A tender and largely unseen portrait by Picasso of his lover and muse Marie-Thérèse Walter, which the artist personally kept until his death, is to appear at auction for the first time.

The 1931 charcoal drawing shines light on one of the great love affairs of the 20th century and was made by Picasso when his affair with Walter was still a closely guarded secret.

It is “an absolute gem, it is so exquisitely beautiful,” said Helena Newman, worldwide head of Sotheby’s impressionist and modern art department. “He has applied a technique which gives an incredible intimacy to the work.

Marie-Therese Walter
Marie-Therese Walter was the mistress of Pablo Picasso between 1927 and 1936 and give birth to their daughter, Maya. Photograph: Apic/Getty Images

“It’s charcoal and is effectively the hand literally almost caressing her. It is just wonderful, it looks back to the great drawings of the Renaissance yet it is so incredibly modern and free and spontaneous and direct. It is like you are looking over his shoulder as he is drawing it.”

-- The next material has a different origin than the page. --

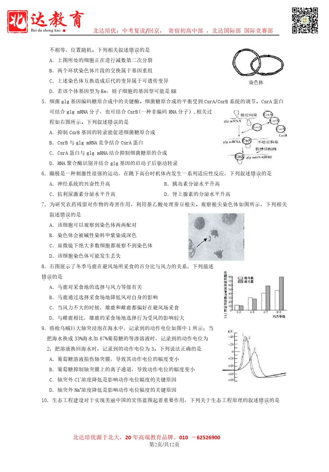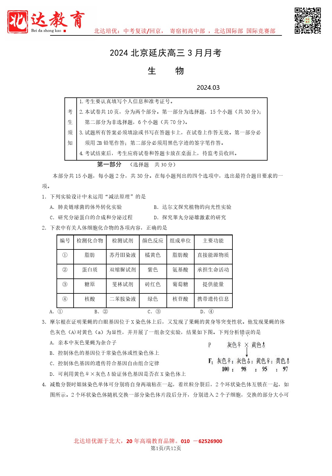 admw360教育整理了2024年3月北京延庆区高三月考生物试题及答案解析,分享给同学们。

Picasso then 45 and unhappily married, fell for the 17-year-old Walter when he noticed her through the window of Galeries Lafayette in Paris in 1927. “I’m sure we shall do great things together. I’m Picasso,” he said to someone who had not the faintest idea who he was.

The chance meeting and subsequent affair was effectively Picasso being reborn, his grandson Olivier Widmaier Picasso has said.

She inspired paintings, drawings and sculptures, some of which are considered the greatest works from a career which spanned eight decades.

A 2018 Picasso exhibition at Tate Modern showed some of the many exhilarating and intense paintings she inspired.

The drawing appearing at auction is much more gentle and intimate. A testament of its personal importance is that Picasso kept it until his death, after which it passed to his son Bernard. It was bought by its present owner in 1986 and has not been seen nor publicly exhibited since.

Picasso’s 1932 Walter-inspired paintings have often attracted stratospheric prices. In 2010, Nude, Green Leaves and Bust sold for £66m while Le Rêve was bought for £103m by hedge fund manager Steven A Cohen from casino mogul Steve Wynn.

The new Picasso, titled Femme endormie, 1931, will be sold in a Sotheby’s evening sale on 28 July and has an estimate of £6m-£9m.

It is part of a private collection, accumulated over 40 years, of works that tell the story of 20th century European avant-garde art.

Sotheby’s called it a treasure trove. It is also selling works from the collection by artists including Wassily Kandinsky, Lyonel Feininger, Alberto Giacometti, Marc Chagall, August Macke and Jean Arp.

One of the standouts is an important cubist work by Fernand Léger, Nature morte, 1914, which has an estimate of £8-£12m and has not been seen since it was purchased in 1984.